An exciting, nail-biting 90 minutes of soccer comes to an end, and no team has scored; now, the shootout – perhaps even more exciting than the game itself.  These penalty kicks provide us with another example of game theory.  The kicker must decide to kick left, right, or in the middle of the goal.  The goalie must make a simultaneous decision in an attempt to block the shot – he can also play to the right, left, or middle.  In this game, each player has 3 strategies, and there are 2 possible outcomes.  Assuming the kicker and goalie are at similar ability levels, we can predict that if the kicker and goalie choose different sides, there is a goal (+1 for the kicker, 0 for the goalie).  If they choose to play the same direction, there is no goal (0 for the kicker, -1 for the goalie).

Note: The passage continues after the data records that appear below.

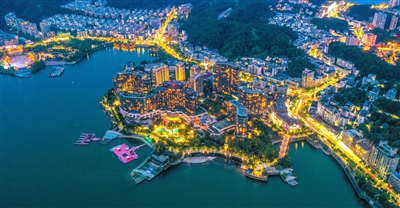 初秋的千岛湖镇,华灯初上,夜色多姿,让人陶醉其中,尽享宁静自然。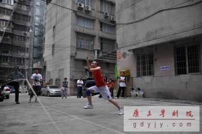 第一场进行的是女单比赛,由祝燕彩(一团)对阵罗绮琪(二团)。罗绮琪在实力上明显占优,前后场的转换十分灵活,大力的扣杀频频得手,毫不逊色于专业运动员。罗绮琪以21:8、21:13两局大比分顺利为二团拿下首捷。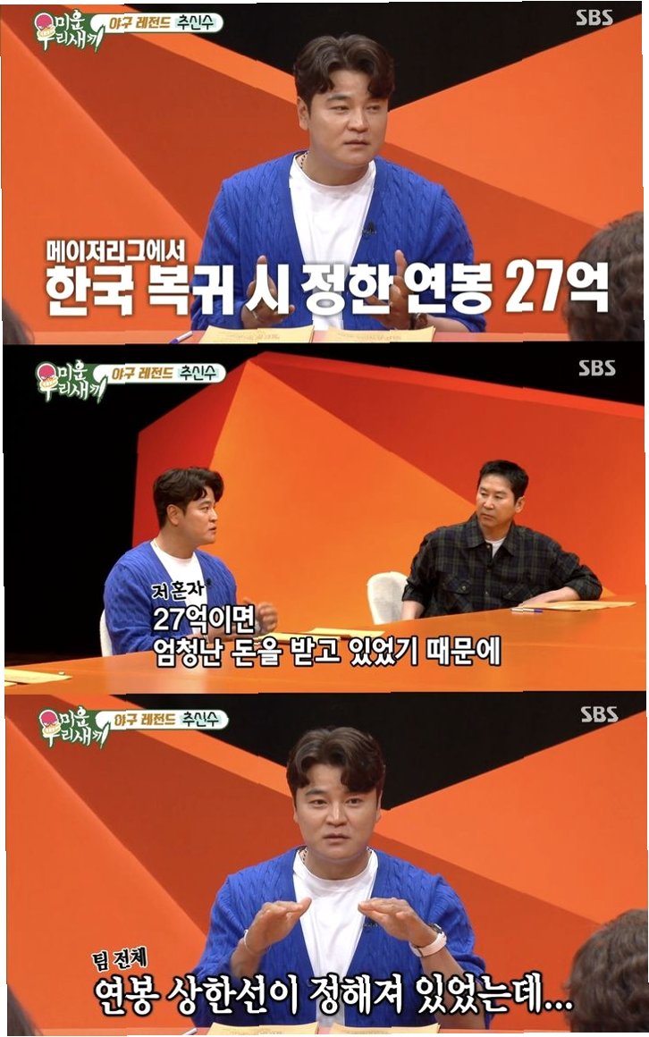 전 야구선수 추신수가 SBS 예능 '신발 벗고 돌싱포맨'에 출연하여 솔직한 입담을 과시했습니다. 그는 다음 생에는 혼자 살고 싶다는 생각과 함께, 아내 하원미 씨의 '돈 자랑'에 대한 솔직한 심정을 털어놓아 많은 이들의 관심을 받았습니다.

Daniel Altman explains the importance of “mixing up” one’s strategies in this game.  If a player always chooses the same side, he will not be successful in this game, as he is too predictable.  Thus, there cannot be a dominant strategy for each player in the shootout game.  Altman looks to statistics for insight into the game.  He explains that each player must mix up his strategies so that his chance of success is the same for each of his strategies.  Altman’s article provides us with the following data on penalty kicks in the French and Italian leagues over a few years:

Kickers scored 77 percent of the time when they went to their natural side (right foot kicking to left side, for example), 70 percent of the time on the opposite side and 81 percent of the time in the middle — pretty similar success rates, or at least within a statistical margin of error. Goalkeepers are even closer in their success rates. When they guessed center or the opposite side, kickers failed to score 27 percent of the time. When they guessed the kicker’s natural side, there was no goal 24 percent of the time.

This exemplifies the mixed Nash equilibrium.  Each player is indifferent between his three strategies, as his success rate is approximately equal for each of his strategies.  Altman also states that this “randomness” and indifference between strategies is observed for individual players, as well as players collectively.  This concept of a mixed Nash equilibrium contributes much to the excitement of a shootout, making it random and unpredictable.